WHAT IS NEEDED: Pictures in the data must not be copied, but everything else should be output exactly.

LISTED ENTRIES:

▶

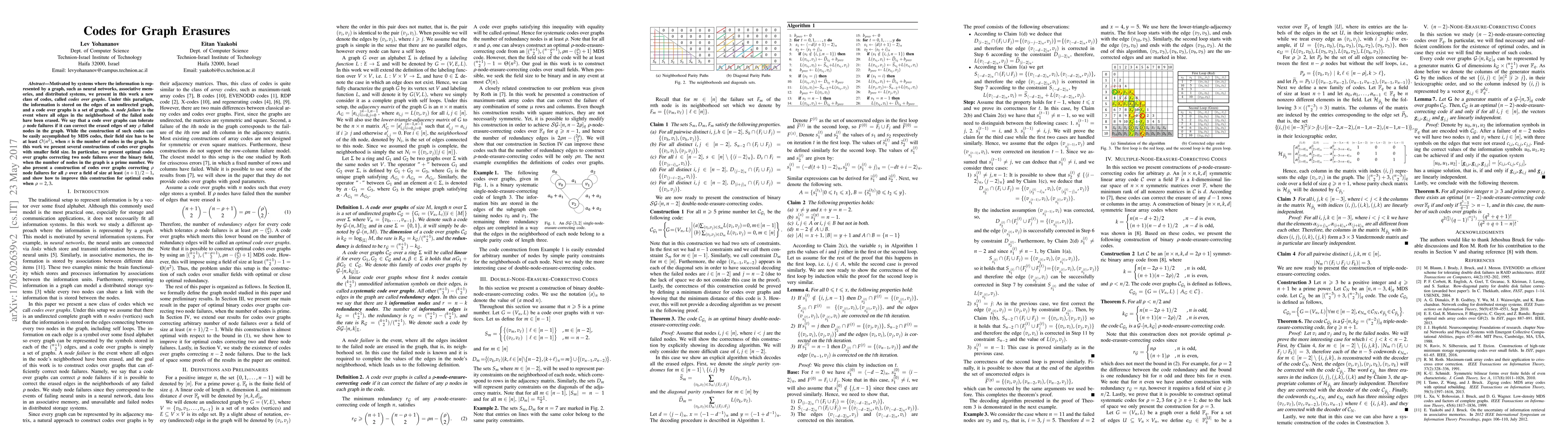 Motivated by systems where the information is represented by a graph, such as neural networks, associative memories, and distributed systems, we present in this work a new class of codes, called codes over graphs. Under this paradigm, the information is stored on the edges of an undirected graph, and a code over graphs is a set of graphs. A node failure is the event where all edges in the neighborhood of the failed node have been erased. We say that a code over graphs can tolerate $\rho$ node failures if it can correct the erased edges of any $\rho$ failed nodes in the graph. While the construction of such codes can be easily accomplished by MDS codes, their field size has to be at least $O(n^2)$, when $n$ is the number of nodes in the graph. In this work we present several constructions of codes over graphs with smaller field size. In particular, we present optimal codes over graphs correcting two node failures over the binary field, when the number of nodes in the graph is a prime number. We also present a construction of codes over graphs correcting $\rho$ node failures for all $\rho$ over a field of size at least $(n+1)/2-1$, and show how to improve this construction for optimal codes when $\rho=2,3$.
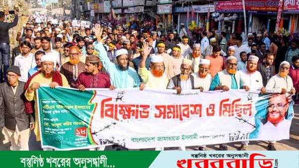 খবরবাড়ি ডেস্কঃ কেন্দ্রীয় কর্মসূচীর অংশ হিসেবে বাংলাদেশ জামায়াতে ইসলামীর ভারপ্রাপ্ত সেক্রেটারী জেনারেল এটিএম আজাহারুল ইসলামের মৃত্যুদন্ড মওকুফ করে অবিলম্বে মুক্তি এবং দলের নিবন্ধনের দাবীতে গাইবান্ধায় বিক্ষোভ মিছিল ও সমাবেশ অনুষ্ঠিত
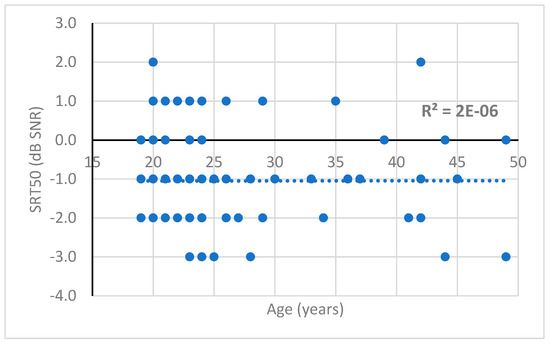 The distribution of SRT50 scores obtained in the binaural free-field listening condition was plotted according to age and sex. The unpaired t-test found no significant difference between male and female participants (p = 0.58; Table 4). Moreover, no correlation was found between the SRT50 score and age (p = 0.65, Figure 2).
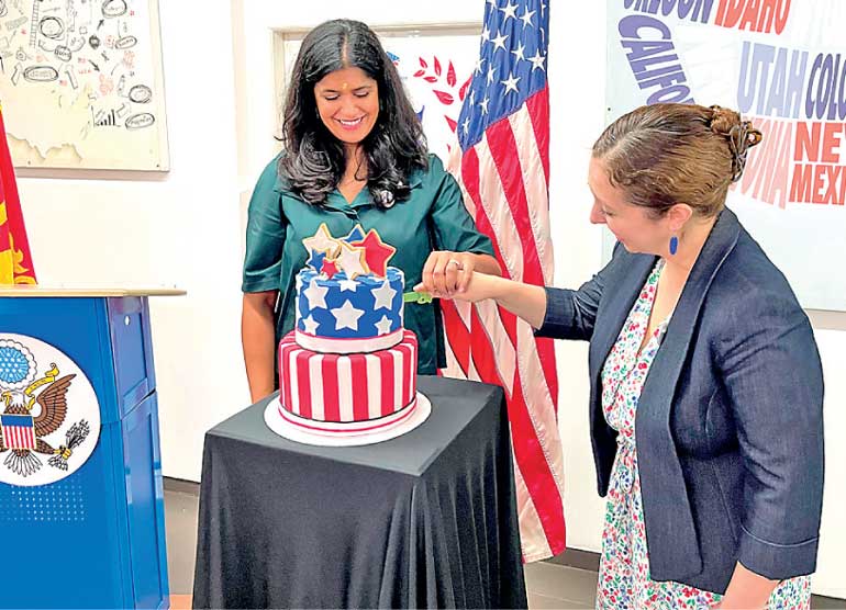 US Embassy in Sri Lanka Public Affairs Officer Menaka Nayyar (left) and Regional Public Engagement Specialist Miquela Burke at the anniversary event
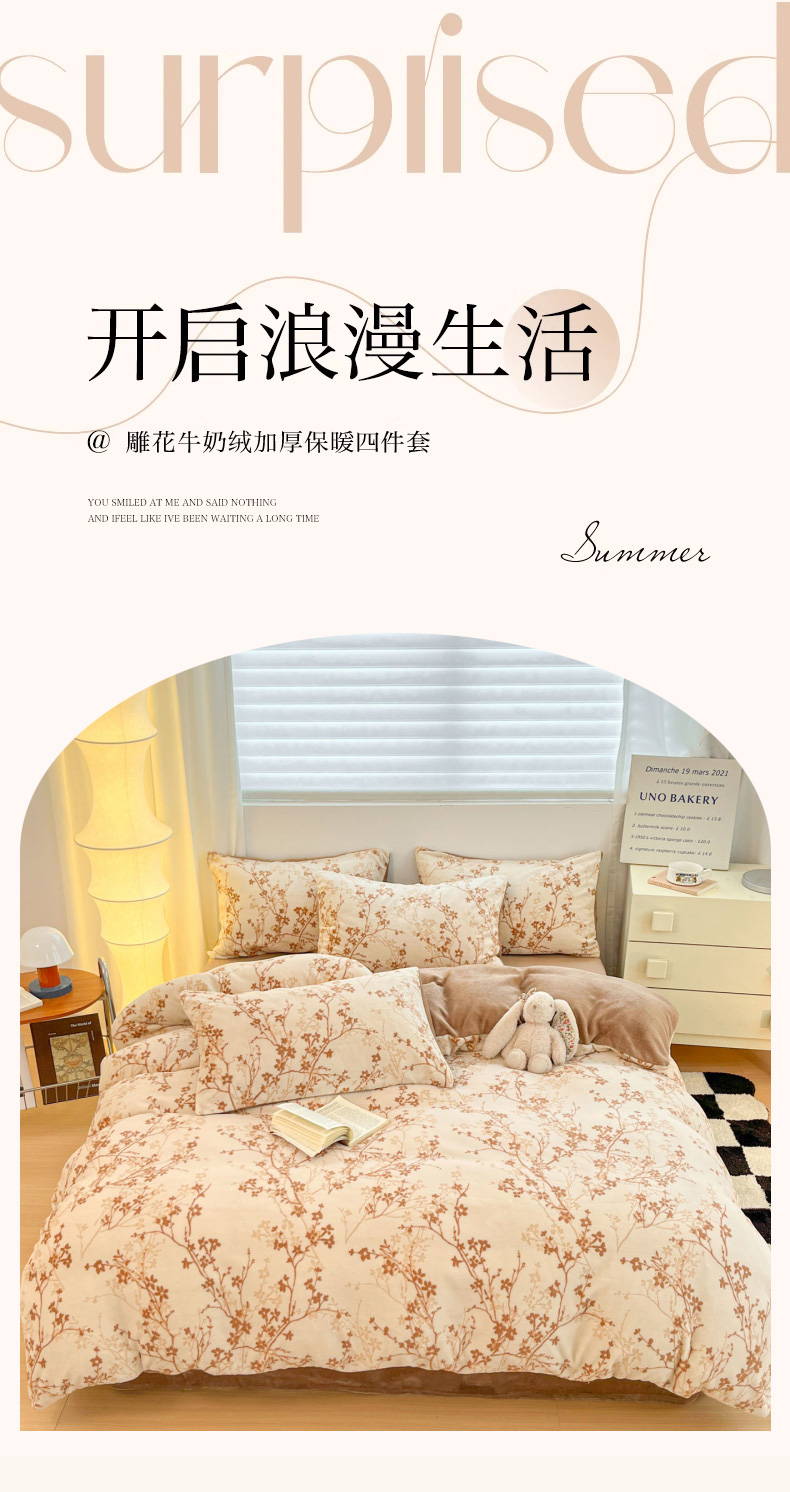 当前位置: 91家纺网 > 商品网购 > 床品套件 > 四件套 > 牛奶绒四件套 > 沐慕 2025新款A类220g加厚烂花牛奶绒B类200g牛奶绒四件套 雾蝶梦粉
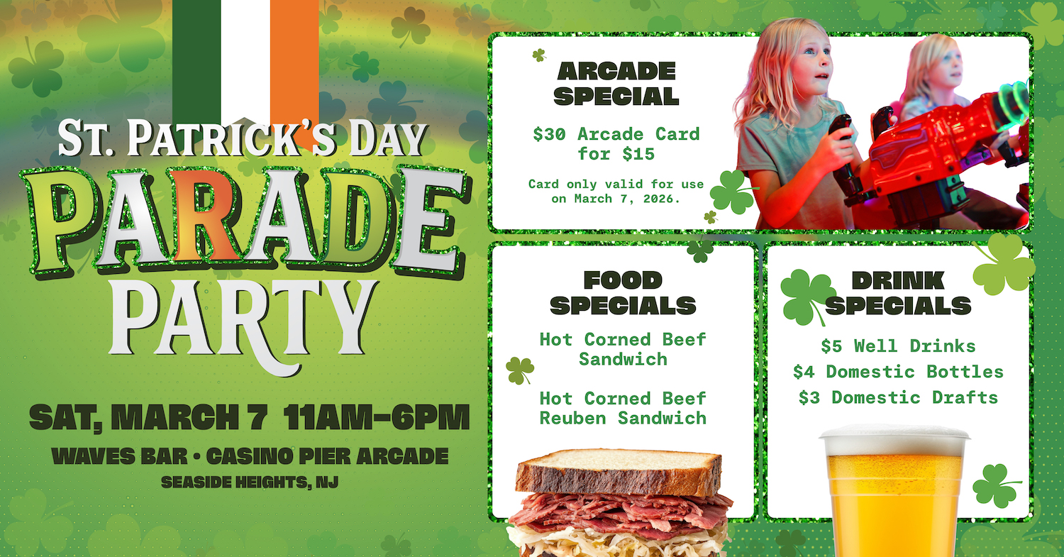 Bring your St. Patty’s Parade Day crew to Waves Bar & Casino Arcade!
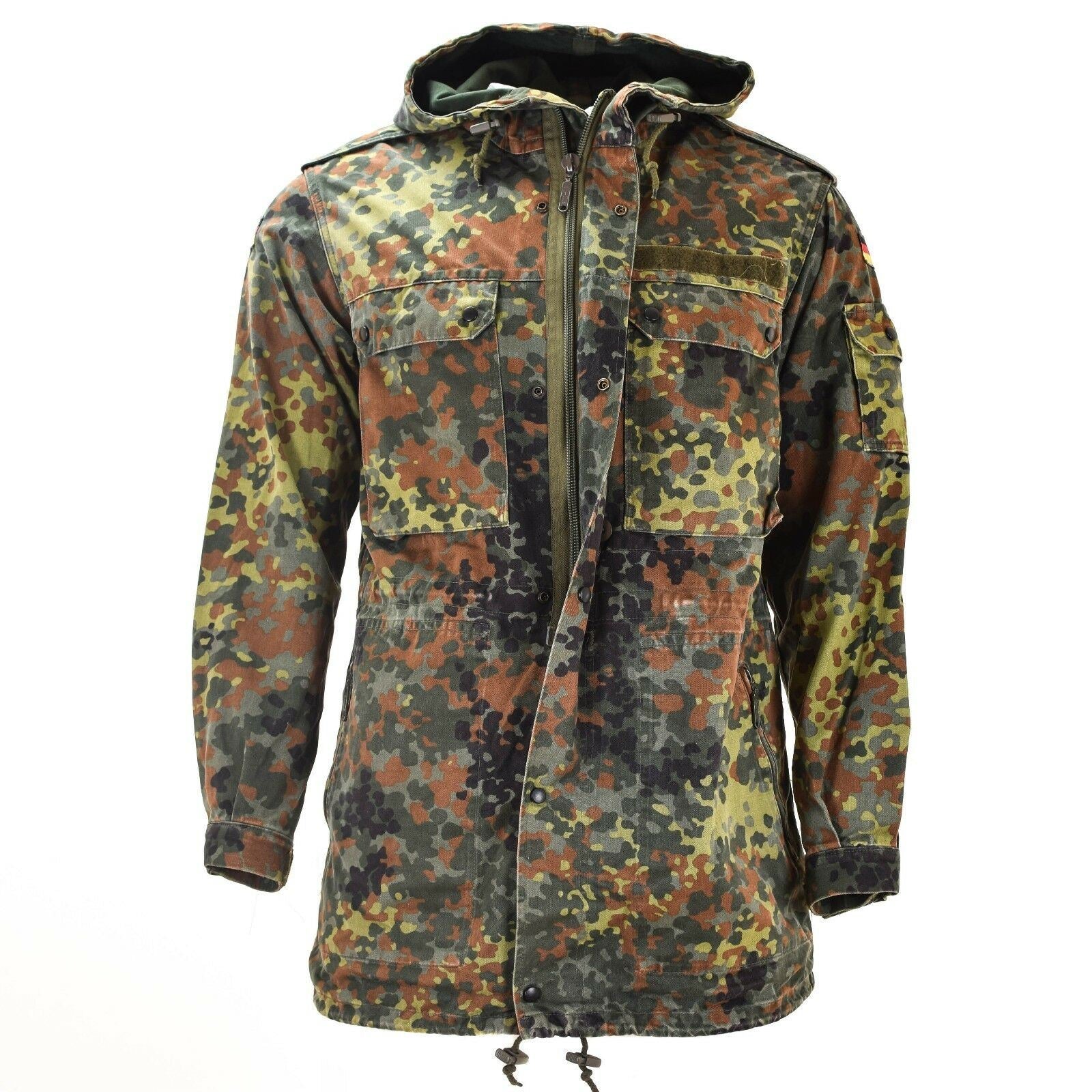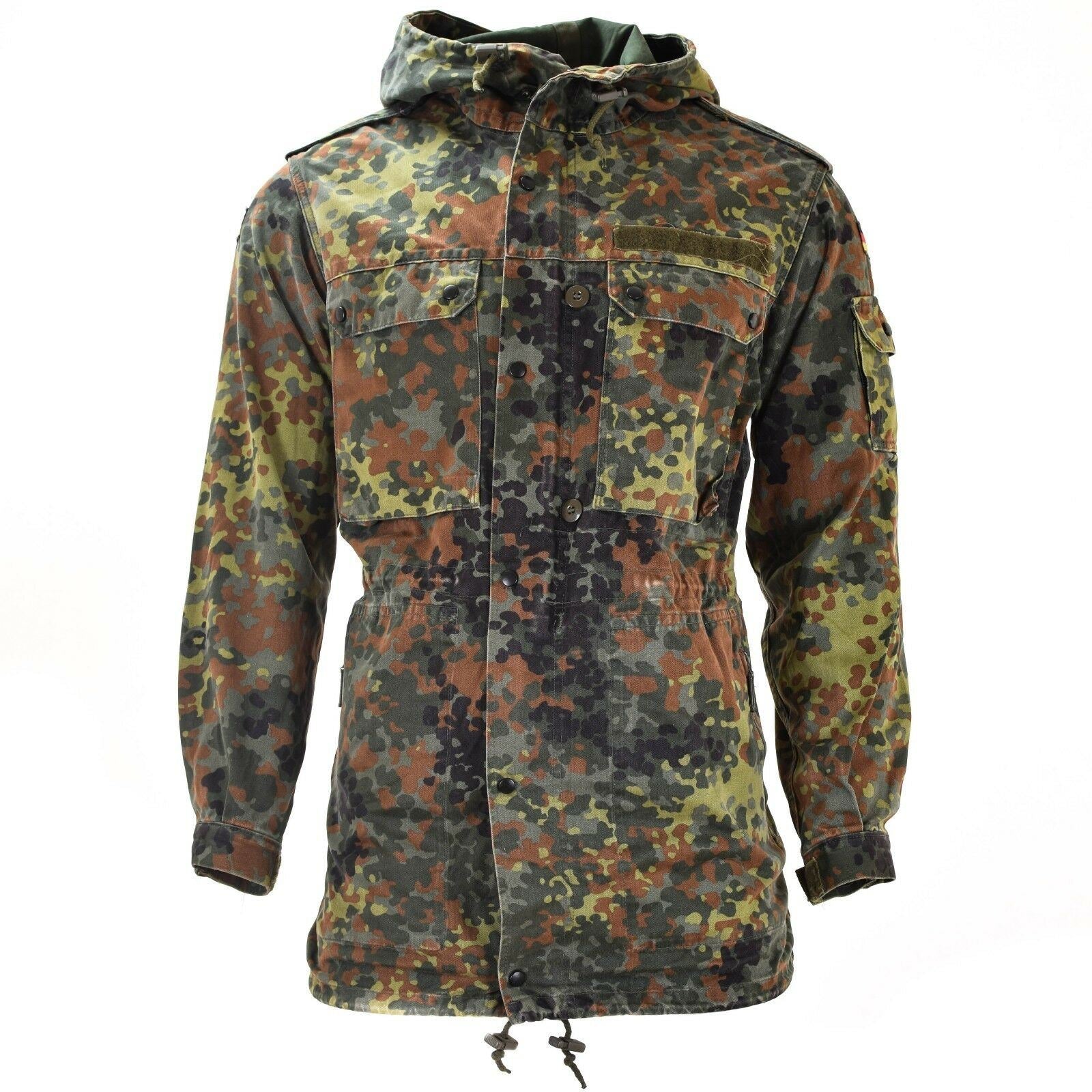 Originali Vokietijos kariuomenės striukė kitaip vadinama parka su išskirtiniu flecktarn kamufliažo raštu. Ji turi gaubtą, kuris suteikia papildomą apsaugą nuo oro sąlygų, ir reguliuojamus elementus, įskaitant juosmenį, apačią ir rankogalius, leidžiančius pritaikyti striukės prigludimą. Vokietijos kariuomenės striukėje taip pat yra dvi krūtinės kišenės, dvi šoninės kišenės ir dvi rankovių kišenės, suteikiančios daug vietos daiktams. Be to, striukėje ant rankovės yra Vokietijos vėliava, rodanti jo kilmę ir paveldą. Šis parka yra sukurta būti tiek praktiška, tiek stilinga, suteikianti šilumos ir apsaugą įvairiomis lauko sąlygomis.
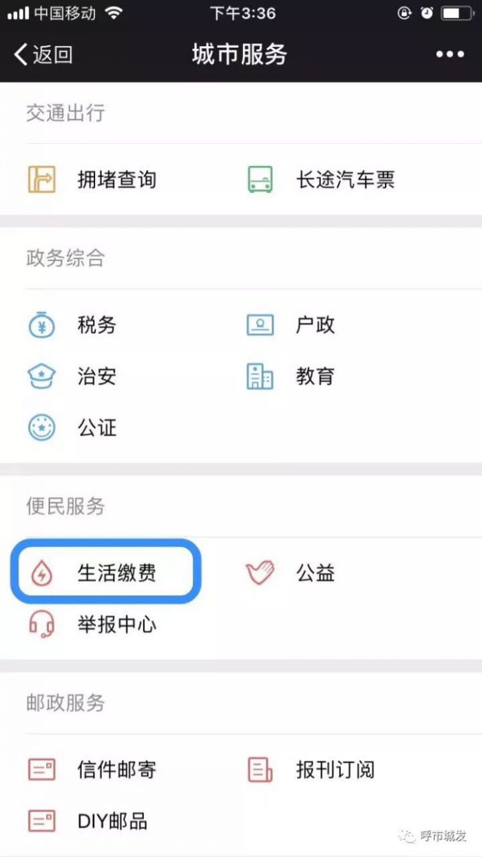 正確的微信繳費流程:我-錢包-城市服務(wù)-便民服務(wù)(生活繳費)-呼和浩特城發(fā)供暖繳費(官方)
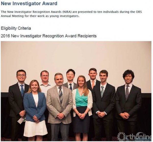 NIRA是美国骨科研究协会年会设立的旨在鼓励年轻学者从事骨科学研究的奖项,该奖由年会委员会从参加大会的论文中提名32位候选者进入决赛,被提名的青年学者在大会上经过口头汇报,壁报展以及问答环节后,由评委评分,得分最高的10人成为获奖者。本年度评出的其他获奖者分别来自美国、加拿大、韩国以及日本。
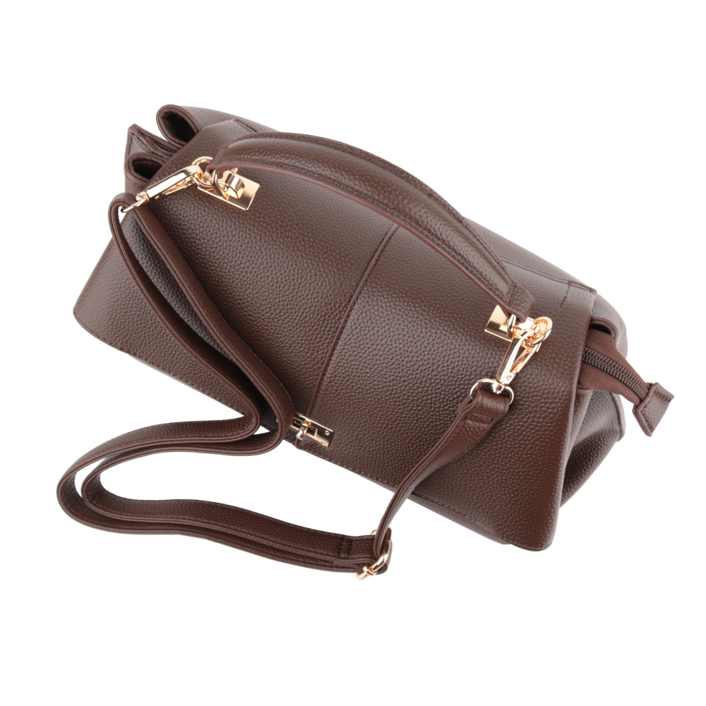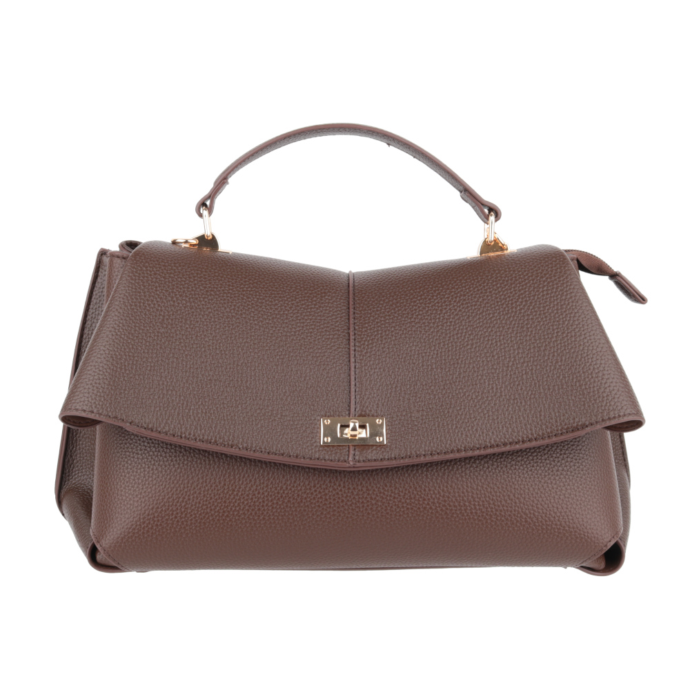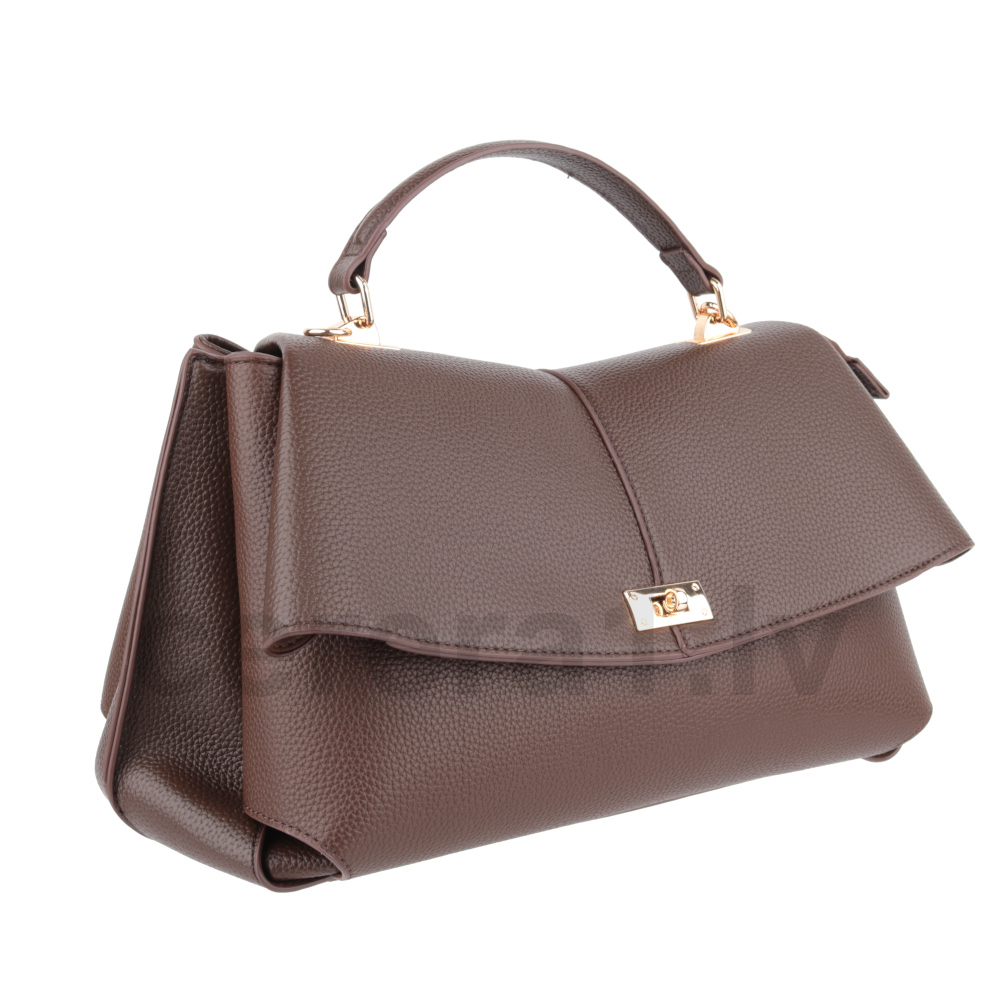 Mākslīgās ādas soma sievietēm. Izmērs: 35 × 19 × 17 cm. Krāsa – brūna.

◀

EXERCISE RESULT:
 Motivated by systems where the information is represented by a graph, such as neural networks, associative memories, and distributed systems, we present in this work a new class of codes, called codes over graphs. Under this paradigm, the information is stored on the edges of an undirected graph, and a code over graphs is a set of graphs. A node failure is the event where all edges in the neighborhood of the failed node have been erased. We say that a code over graphs can tolerate $\rho$ node failures if it can correct the erased edges of any $\rho$ failed nodes in the graph. While the construction of such codes can be easily accomplished by MDS codes, their field size has to be at least $O(n^2)$, when $n$ is the number of nodes in the graph. In this work we present several constructions of codes over graphs with smaller field size. In particular, we present optimal codes over graphs correcting two node failures over the binary field, when the number of nodes in the graph is a prime number. We also present a construction of codes over graphs correcting $\rho$ node failures for all $\rho$ over a field of size at least $(n+1)/2-1$, and show how to improve this construction for optimal codes when $\rho=2,3$.
 খবরবাড়ি ডেস্কঃ কেন্দ্রীয় কর্মসূচীর অংশ হিসেবে বাংলাদেশ জামায়াতে ইসলামীর ভারপ্রাপ্ত সেক্রেটারী জেনারেল এটিএম আজাহারুল ইসলামের মৃত্যুদন্ড মওকুফ করে অবিলম্বে মুক্তি এবং দলের নিবন্ধনের দাবীতে গাইবান্ধায় বিক্ষোভ মিছিল ও সমাবেশ অনুষ্ঠিত
 The distribution of SRT50 scores obtained in the binaural free-field listening condition was plotted according to age and sex. The unpaired t-test found no significant difference between male and female participants (p = 0.58; Table 4). Moreover, no correlation was found between the SRT50 score and age (p = 0.65, Figure 2).
 US Embassy in Sri Lanka Public Affairs Officer Menaka Nayyar (left) and Regional Public Engagement Specialist Miquela Burke at the anniversary event
 当前位置: 91家纺网 > 商品网购 > 床品套件 > 四件套 > 牛奶绒四件套 > 沐慕 2025新款A类220g加厚烂花牛奶绒B类200g牛奶绒四件套 雾蝶梦粉
 Bring your St. Patty’s Parade Day crew to Waves Bar & Casino Arcade!
 Originali Vokietijos kariuomenės striukė kitaip vadinama parka su išskirtiniu flecktarn kamufliažo raštu. Ji turi gaubtą, kuris suteikia papildomą apsaugą nuo oro sąlygų, ir reguliuojamus elementus, įskaitant juosmenį, apačią ir rankogalius, leidžiančius pritaikyti striukės prigludimą. Vokietijos kariuomenės striukėje taip pat yra dvi krūtinės kišenės, dvi šoninės kišenės ir dvi rankovių kišenės, suteikiančios daug vietos daiktams. Be to, striukėje ant rankovės yra Vokietijos vėliava, rodanti jo kilmę ir paveldą. Šis parka yra sukurta būti tiek praktiška, tiek stilinga, suteikianti šilumos ir apsaugą įvairiomis lauko sąlygomis.
 正確的微信繳費流程:我-錢包-城市服務(wù)-便民服務(wù)(生活繳費)-呼和浩特城發(fā)供暖繳費(官方)
 NIRA是美国骨科研究协会年会设立的旨在鼓励年轻学者从事骨科学研究的奖项,该奖由年会委员会从参加大会的论文中提名32位候选者进入决赛,被提名的青年学者在大会上经过口头汇报,壁报展以及问答环节后,由评委评分,得分最高的10人成为获奖者。本年度评出的其他获奖者分别来自美国、加拿大、韩国以及日本。
 Mākslīgās ādas soma sievietēm. Izmērs: 35 × 19 × 17 cm. Krāsa – brūna.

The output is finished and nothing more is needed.